Exactly as they appear below, repeat the lines from the one with "Notre emplacement étant" through the one with "Plex支持页面提供了支持的天线列表以及操作系统兼容性。列表顶部的一个是HD HomeRun Connect", and no others.

**Available data**
····················

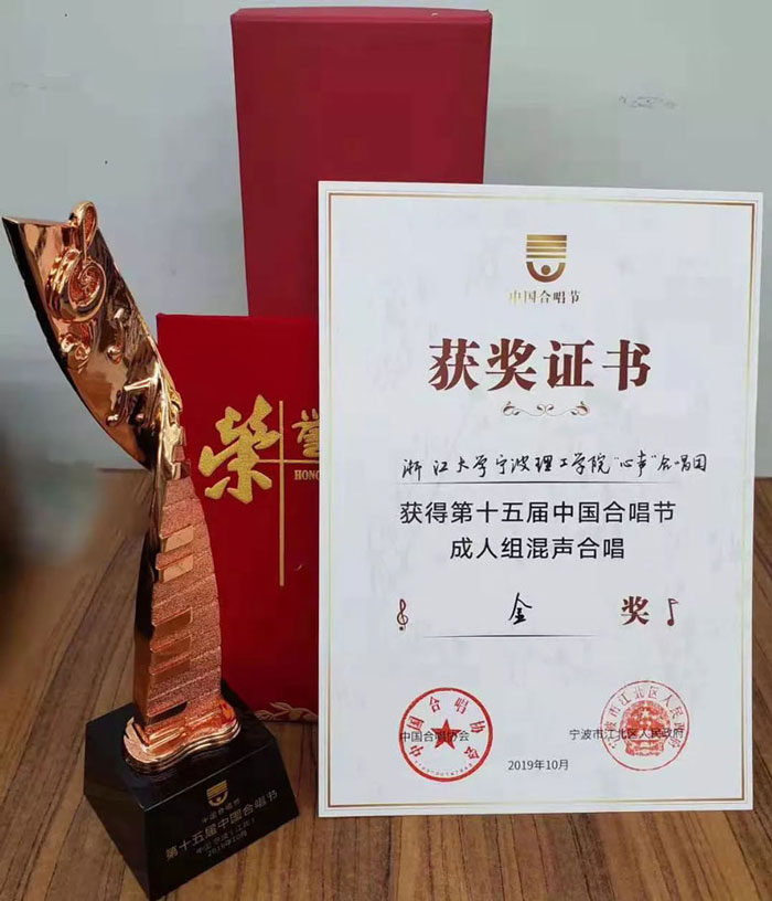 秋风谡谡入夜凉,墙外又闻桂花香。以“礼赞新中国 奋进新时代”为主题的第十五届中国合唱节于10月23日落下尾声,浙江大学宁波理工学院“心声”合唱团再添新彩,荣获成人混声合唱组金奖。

····················

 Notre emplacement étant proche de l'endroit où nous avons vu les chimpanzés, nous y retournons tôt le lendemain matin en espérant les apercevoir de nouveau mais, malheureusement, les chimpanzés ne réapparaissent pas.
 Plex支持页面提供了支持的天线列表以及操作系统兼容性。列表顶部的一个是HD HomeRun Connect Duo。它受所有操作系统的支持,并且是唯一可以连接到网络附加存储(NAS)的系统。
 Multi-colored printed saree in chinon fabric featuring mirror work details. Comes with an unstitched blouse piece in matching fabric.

····················

**Answer to this task**
 Notre emplacement étant proche de l'endroit où nous avons vu les chimpanzés, nous y retournons tôt le lendemain matin en espérant les apercevoir de nouveau mais, malheureusement, les chimpanzés ne réapparaissent pas.
 Plex支持页面提供了支持的天线列表以及操作系统兼容性。列表顶部的一个是HD HomeRun Connect Duo。它受所有操作系统的支持,并且是唯一可以连接到网络附加存储(NAS)的系统。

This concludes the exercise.